行き暮れて水の音ある

Dc090315141

―山頭火の一句― 昭和5年の行乞記、12月10日の稿に
12月10日、晴、行程6里、善導寺、或る宿

9時近くなつて、双之介さんに送られて、田主丸の方へ向ふ、別れてから、久しぶりに行乞を初めたが、とても出来ないので、すぐ止めて、第十九番の札所に参拝する、本堂庫裡改築中で落ちつきがない、まあ市井のお観音様といつた感じである、ここから箕ノ山の麓を善導寺までの3里は田舎路らしくてよかつた、箕ノ山といふ山はおもしろい、小さい山があつまつて長々と横たはつてゐるのである、陽をうけて、山脈が濃淡とりどりなのもうつくしかつた、途中、第十八番の札所へ詣るつもりだつたが、宿の都合が悪く、日も暮れかけたので、急いで此宿を探して泊まつた、同宿者が多くてうるさかつた、日記を書くことも出来ないのには困つた、床についてからも嫌な夢ばかり見た、49年の悪夢だ、夢は意識しない自己の表現だ、何と私の中には、もろもろのものがひそんでゐることよ!

※表題句の外、2句を記す

Himuro

―日々余話― 三日、色々

一昨日-11/4-は、インド舞踊-Odissi Dance-の茶谷祐三子と打合せのために出かけたのだが、連れ立って来たスイス人の夫君と初対面となった。彼の名はパリギャン-Parigyan-、’51年生れというから今年58歳。ドイツのフライブルク大学で数学・物理学を修し、コンピュータープログラマーを経て、現在、ヒーリングや瞑想をWorkとしているそうだ。
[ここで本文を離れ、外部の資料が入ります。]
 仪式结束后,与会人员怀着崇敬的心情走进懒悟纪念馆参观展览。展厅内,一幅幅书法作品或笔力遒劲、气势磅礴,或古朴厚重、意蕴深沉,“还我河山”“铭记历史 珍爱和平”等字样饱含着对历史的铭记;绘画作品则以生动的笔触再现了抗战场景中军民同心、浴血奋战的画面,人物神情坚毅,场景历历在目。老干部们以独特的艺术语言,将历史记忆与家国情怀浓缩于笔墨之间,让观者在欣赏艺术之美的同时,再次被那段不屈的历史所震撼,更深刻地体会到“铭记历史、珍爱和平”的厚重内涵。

’77年、インドのプーナを訪れ、瞑想の師Osho-和尚=ラジニーシと出会い、弟子に。師Oshoは’90年に歿しているが、長い年月を、師のアシュラムやコミューンで過ごしてきた、という。

肩にも届く銀髪に、口髭とともに顎から揉み上げまでを覆う伸び放題の鬚に包まれた風貌は、優しい柔和な眼差しと相俟って、穏やかで物静かな聖者然とした雰囲気を醸し出す。
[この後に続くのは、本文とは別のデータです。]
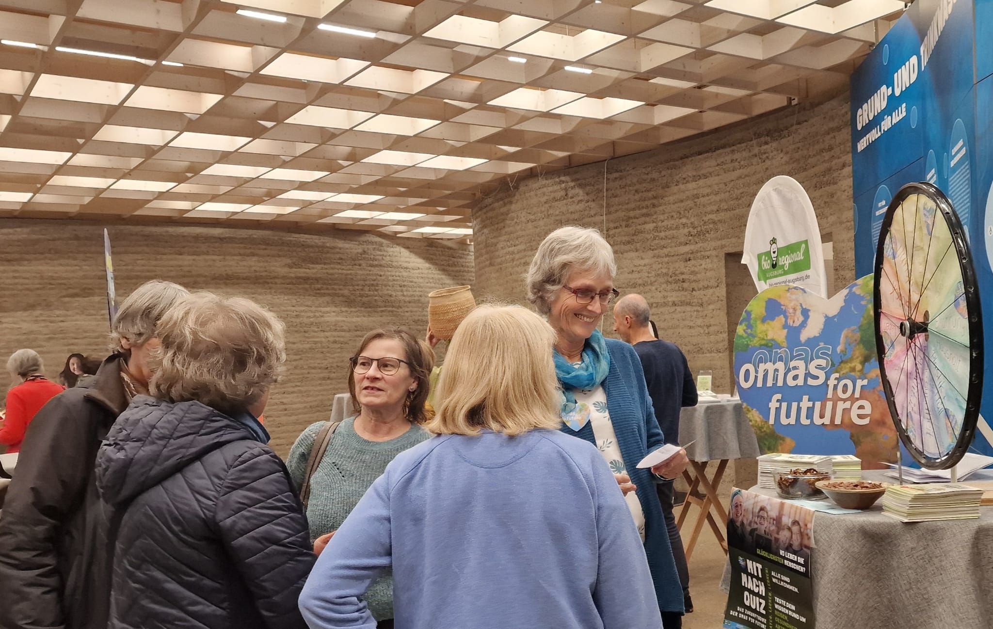 Mit dem Zukunftsquiz waren wir im „Wohnzimmer“ im Schwabencenter, in Schulen und in der Agenda 21. Für unseren Infostand haben wir seit Herbst 2024 ein schönes Glücksrad. Und Cordula hat bei uns in der Stadtbücherei vor ca. 50 Zuhörern ihren inspirierenden Vortrag gehalten.

彼は私への挨拶代わりに、横に坐って、私の左手を両手で包むようにして、数分間のあいだずっと優しく触れてくれた。仄かに優しい温もりが伝わってくるもので、私はただ触れられるままに心静かに委ねていた。

昨日-11/5-は、めずらしく連れ合い殿が休日とあって、朝から映画を観に梅田へと出かけた。
ドキュメント・タッチの「パリ・オペラ座のすべて」はなんと上映時間160分ほどもある長尺もの。ルイ14世が、王の権力と熱情でもって創りあげた世界最古のバレエ団、パリ・オペラ座の、21世紀の今日に生きるその全貌が露わになる。Dancerだけで総勢154名、’08年の総人件費が約160億円、これはオペラ座全予算の半分を占め、国からの補助金とほぼ同額であるという。さまざまなレッスン風景が繰りひろげられ、スタッフたちの仕事ぶりや、劇場の構造、隅々至る所までもが映像として挿入されていく‥。

なにしろ物語とてなにもない、ただひたすらあらゆる細部を重畳するに徹して、オペラ座の全貌に迫ろうというものだから、睡眠不足が習い性となっている私などには、エトワールたちの稽古風景などでは大いに惹きつけられるものがあったとしても、やがてうとうとと舟を漕ぐ始末で、後半にいたってはかなりの部分を見逃してしまったようである。

今日は午後から、RYOUKOの事故当時の運転手であったM氏と久しぶりに会談。民事訴訟MKタクシー側弁護士に、事故状況等について聞かして欲しいと呼び出されたのが2日だったとかで、いわばその報告。

此方は事故相手方のTとMKタクシー双方をともに告訴しているのだが、あくまで過失ゼロを主張するT側と、同じ被告でありつつもMKタクシー側とのあいだに利害の相反する対立点が生じてきており、さしあたりは双方の過失の度が問題の焦点になってきているようで、この展開は此方の望むところである。場合によっては、一向に埒があかない検察の審理を尻目に、今後この民事で、ドライブ・レコーダーの記録も活きてくるやしれず、あるいはTの証人尋問といった場面まで起こってくるかもしれない。